*Extracted entries*.
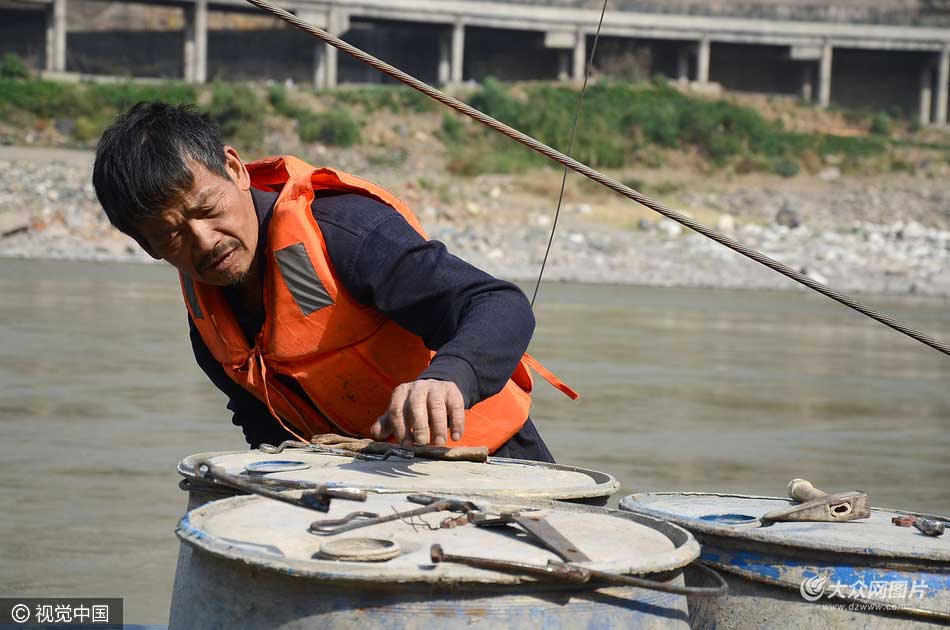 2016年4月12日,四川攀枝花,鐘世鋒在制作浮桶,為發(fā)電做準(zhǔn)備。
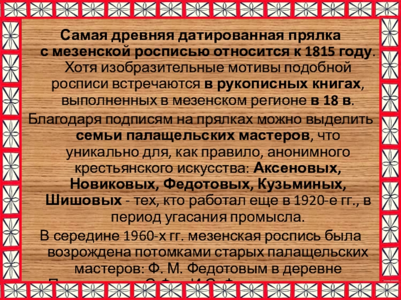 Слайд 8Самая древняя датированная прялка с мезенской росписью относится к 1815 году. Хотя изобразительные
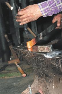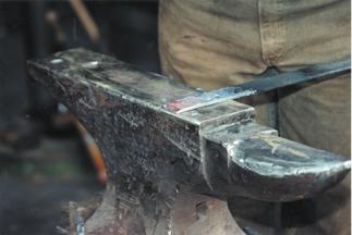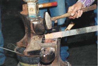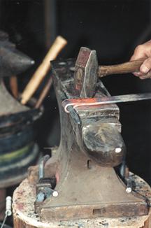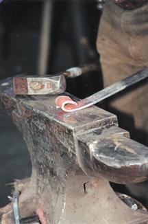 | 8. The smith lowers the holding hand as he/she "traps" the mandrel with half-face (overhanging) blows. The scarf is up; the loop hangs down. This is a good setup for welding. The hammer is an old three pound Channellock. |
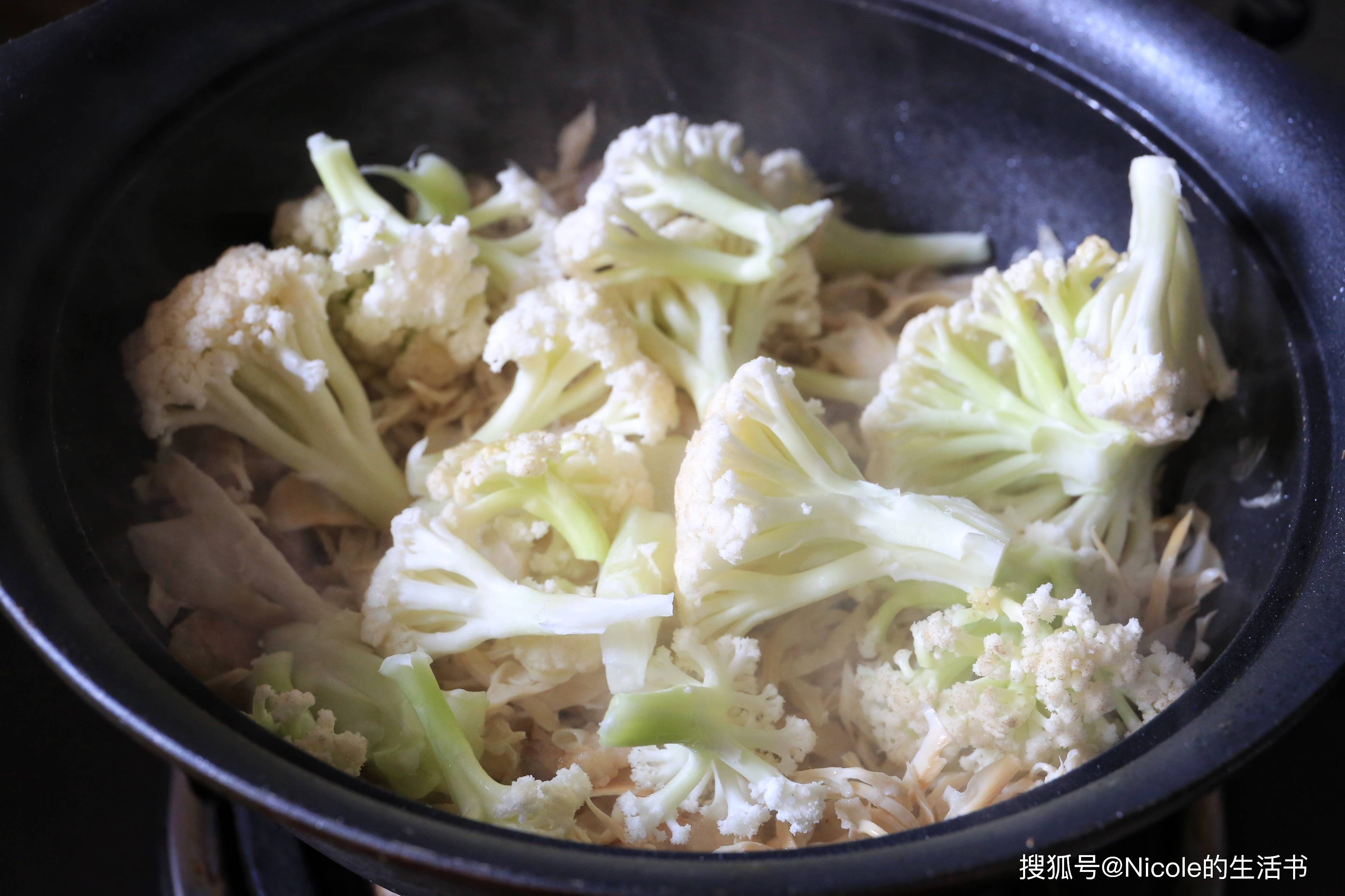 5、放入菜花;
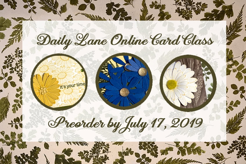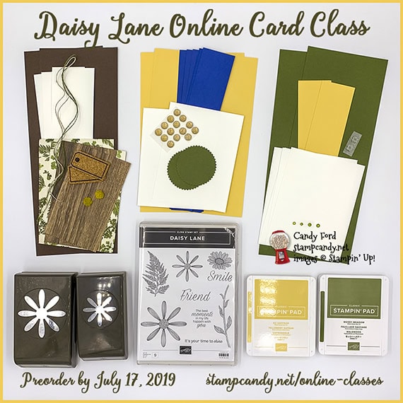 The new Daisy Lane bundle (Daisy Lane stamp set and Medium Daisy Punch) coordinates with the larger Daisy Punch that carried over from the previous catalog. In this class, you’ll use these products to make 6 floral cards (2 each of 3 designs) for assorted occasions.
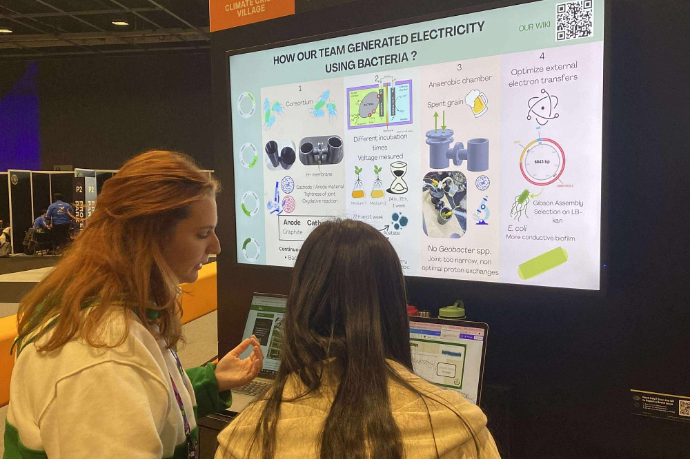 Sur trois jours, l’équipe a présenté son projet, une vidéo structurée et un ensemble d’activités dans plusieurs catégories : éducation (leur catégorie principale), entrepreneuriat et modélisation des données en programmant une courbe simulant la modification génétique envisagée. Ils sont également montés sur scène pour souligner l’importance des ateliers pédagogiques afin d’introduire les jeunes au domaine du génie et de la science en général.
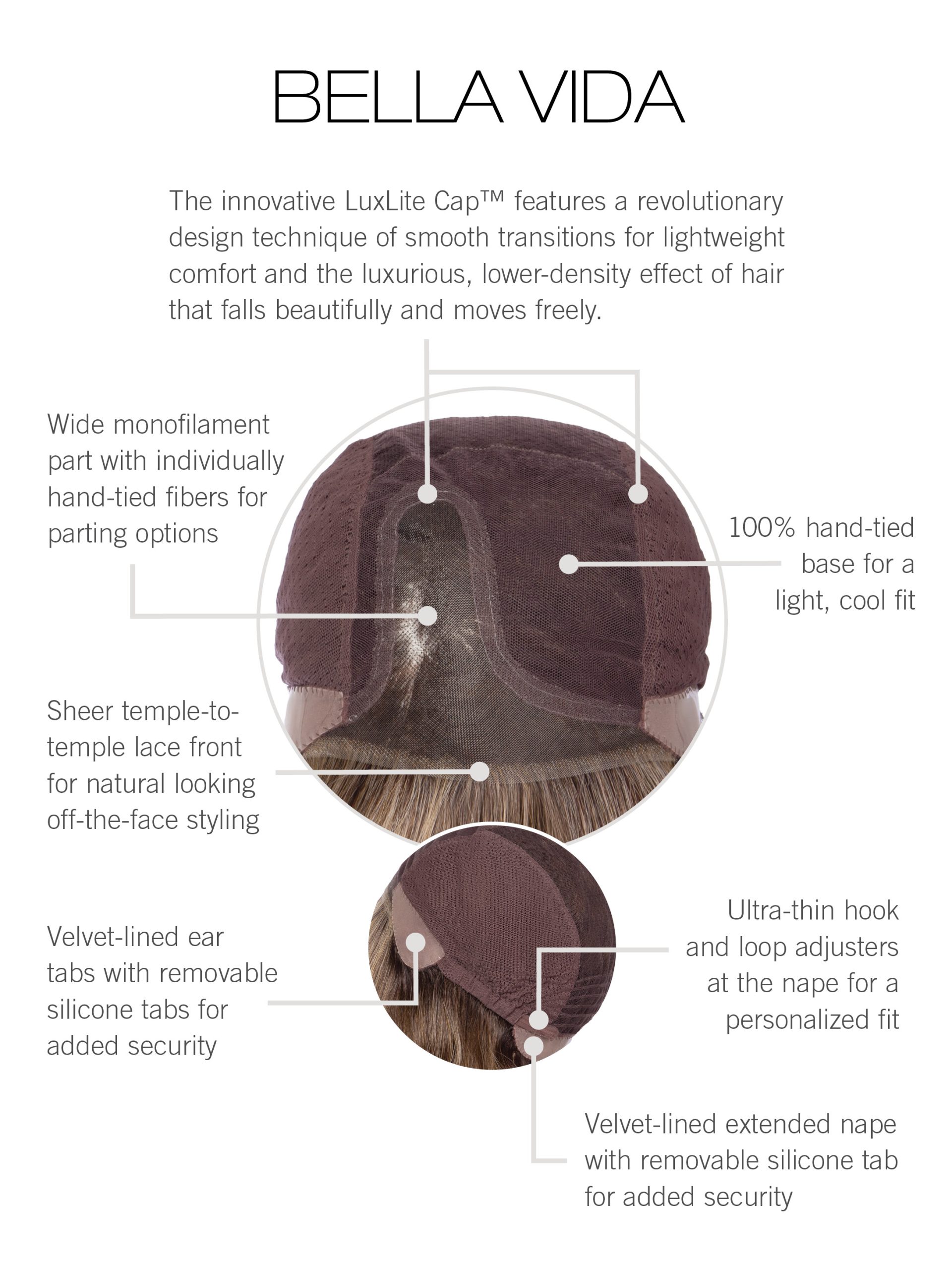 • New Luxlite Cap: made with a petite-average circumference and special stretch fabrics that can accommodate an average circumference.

---

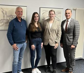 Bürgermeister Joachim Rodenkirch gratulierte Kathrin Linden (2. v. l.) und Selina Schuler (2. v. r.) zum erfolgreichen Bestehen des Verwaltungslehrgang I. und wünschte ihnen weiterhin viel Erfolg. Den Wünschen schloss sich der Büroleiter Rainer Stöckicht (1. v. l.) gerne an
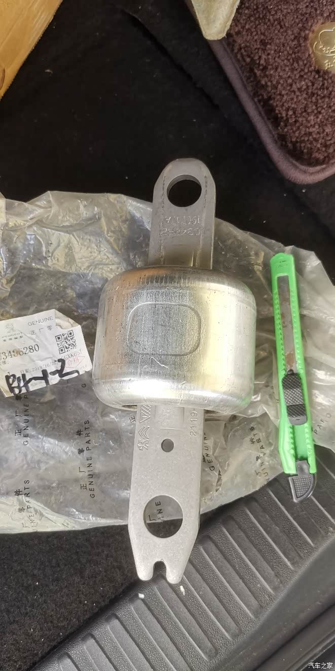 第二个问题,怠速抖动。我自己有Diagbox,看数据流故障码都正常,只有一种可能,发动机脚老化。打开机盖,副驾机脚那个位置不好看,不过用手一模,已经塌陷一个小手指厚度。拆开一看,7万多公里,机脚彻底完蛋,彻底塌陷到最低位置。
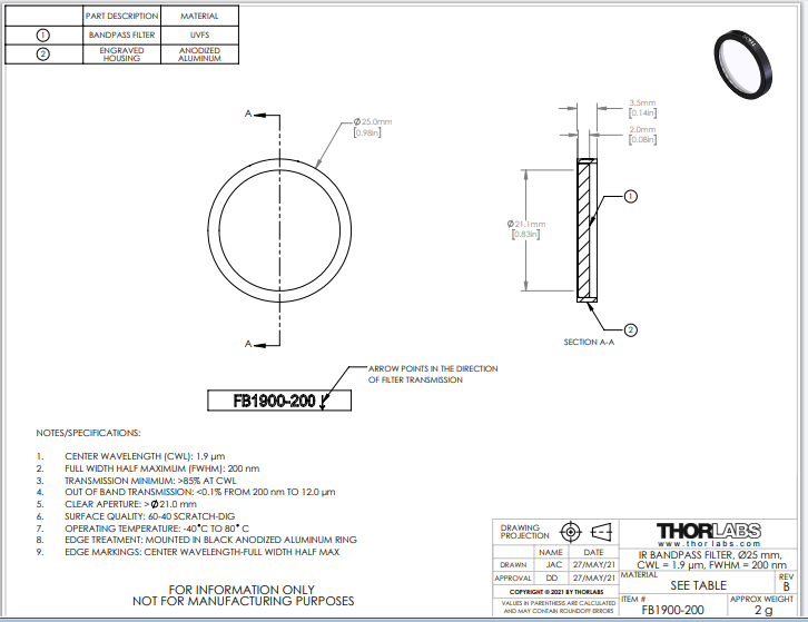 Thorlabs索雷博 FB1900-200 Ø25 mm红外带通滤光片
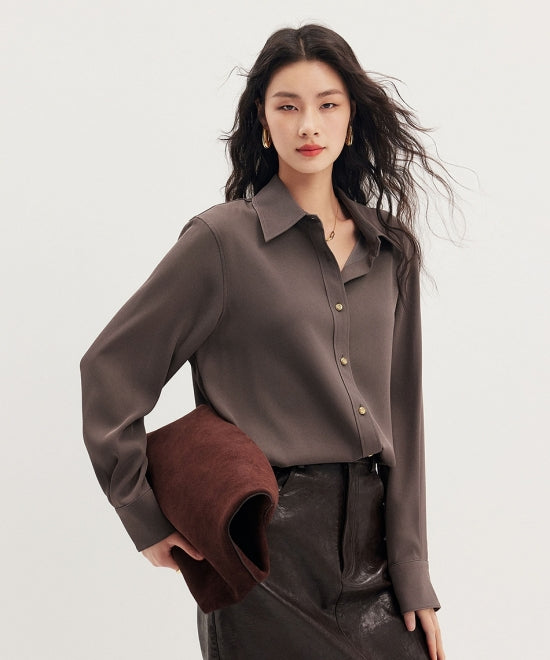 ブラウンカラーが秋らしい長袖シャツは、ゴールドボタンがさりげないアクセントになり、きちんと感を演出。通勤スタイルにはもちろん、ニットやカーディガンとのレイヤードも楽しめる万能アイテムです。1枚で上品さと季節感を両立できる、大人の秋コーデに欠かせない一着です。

* * *

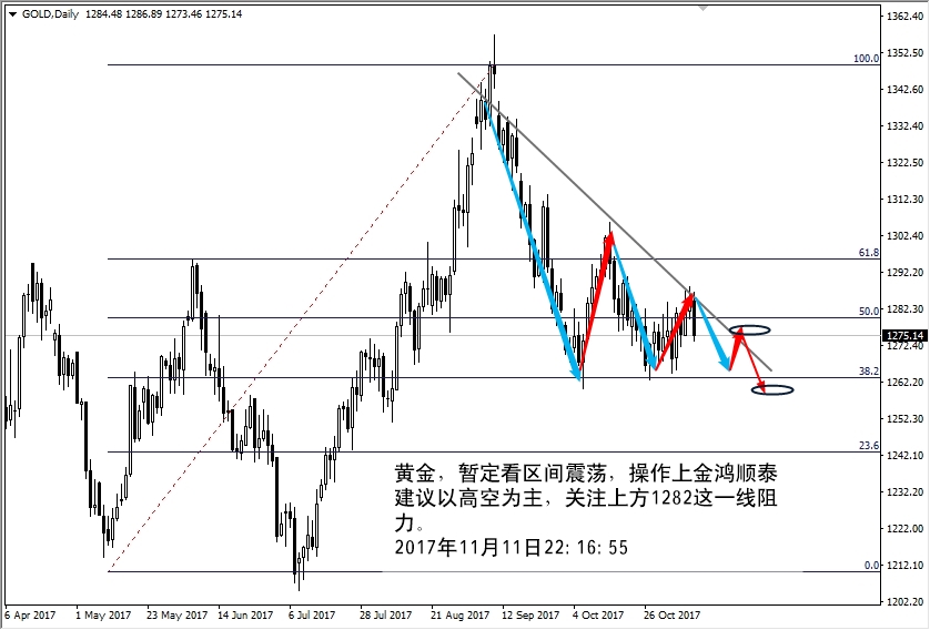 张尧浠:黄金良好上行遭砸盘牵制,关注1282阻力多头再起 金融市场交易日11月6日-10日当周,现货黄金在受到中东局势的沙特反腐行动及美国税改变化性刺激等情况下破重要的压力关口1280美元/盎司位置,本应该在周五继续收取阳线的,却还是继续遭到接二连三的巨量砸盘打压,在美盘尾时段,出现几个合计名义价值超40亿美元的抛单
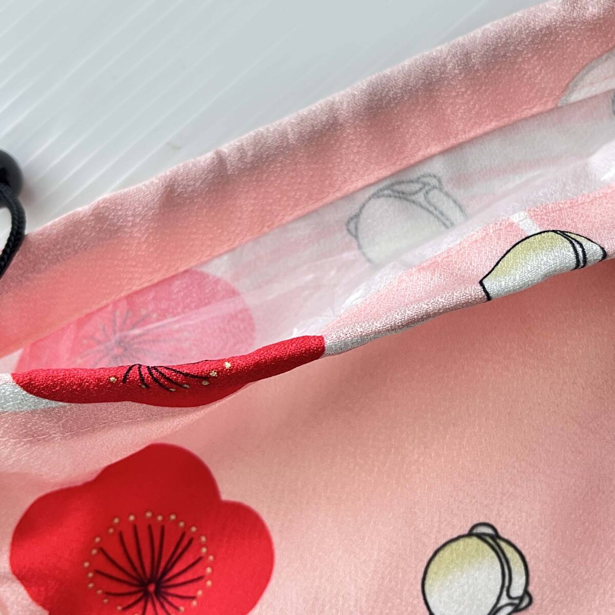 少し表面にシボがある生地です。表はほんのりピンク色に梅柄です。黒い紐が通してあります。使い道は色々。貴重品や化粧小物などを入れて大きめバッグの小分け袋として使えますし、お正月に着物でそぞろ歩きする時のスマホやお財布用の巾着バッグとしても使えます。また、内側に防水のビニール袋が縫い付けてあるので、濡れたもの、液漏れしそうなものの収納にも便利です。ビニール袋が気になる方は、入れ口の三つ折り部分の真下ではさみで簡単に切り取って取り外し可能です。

*The task*. What are the lines in the records above, word for word, from the one containing "2016年4月12日,四川攀" through the one containing "The new Daisy", both ends included and pictures left out?

*Your response*.
 2016年4月12日,四川攀枝花,鐘世鋒在制作浮桶,為發(fā)電做準(zhǔn)備。
 Слайд 8Самая древняя датированная прялка с мезенской росписью относится к 1815 году. Хотя изобразительные
 | 8. The smith lowers the holding hand as he/she "traps" the mandrel with half-face (overhanging) blows. The scarf is up; the loop hangs down. This is a good setup for welding. The hammer is an old three pound Channellock. |
 5、放入菜花;
 The new Daisy Lane bundle (Daisy Lane stamp set and Medium Daisy Punch) coordinates with the larger Daisy Punch that carried over from the previous catalog. In this class, you’ll use these products to make 6 floral cards (2 each of 3 designs) for assorted occasions.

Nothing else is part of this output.